On a recent afternoon, about 700 people, mostly seniors, packed a small auditorium where Mexican opera expert Sergio Vela gave a pre-show talk and described Verdi’s melancholic tendencies in a blow-by-blow account of "Il Trovatore." Some in the audience said the shows, despite their violent themes, were an escape from the drug wars engulfing parts of Mexico.

"Opera is filled with something special, and there are so many ugly things happening in our country that you can take a Saturday afternoon and come here and disconnect with these performances," said Teresa Moreno, a 73-year-old housewife, who brought her 38-year-old son.

For Marcelo Perez, who lives on a monthly pension of about $380, the Met simulcasts offer him a chance to enjoy the art form he fell in love with after watching a local company’s performance of Verdi’s "La Traviata" in 1970 at Mexico City’s Palacio de Bellas Artes.
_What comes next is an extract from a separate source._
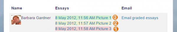 - When an instructor clicks ‘Email graded essays’ to notify the user, the color changes to a green shade – #3 in the screenshot below: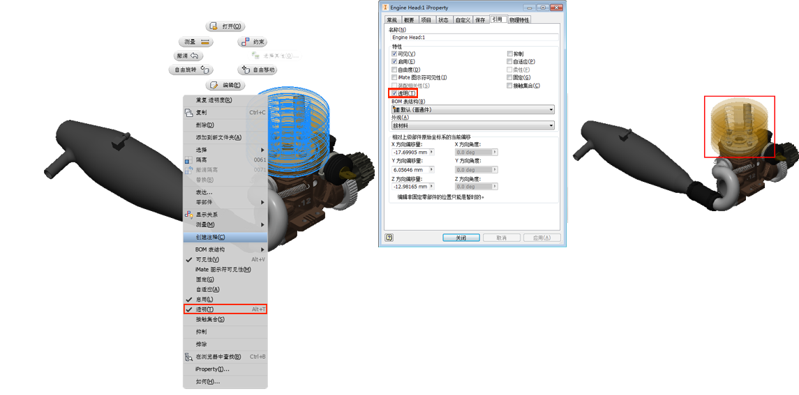 现在,可以切换部件中零部件的透明度,而不应用外观替代。

At the recent "Il Trovatore," he broke into applause as soprano Sondra Radvanovsky, who played the heroine Leonora, sang her final aria, "D’amor sull’ali rosee" ("On the rosy wings of love"). The camera closed in on Radvanovsky’s pain-filled face as she lamented her beloved’s imprisonment, before poisoning herself in a final act of love.

"It would be better to see it live," Perez whispered during the scene, "but it’s so well done that it captures you."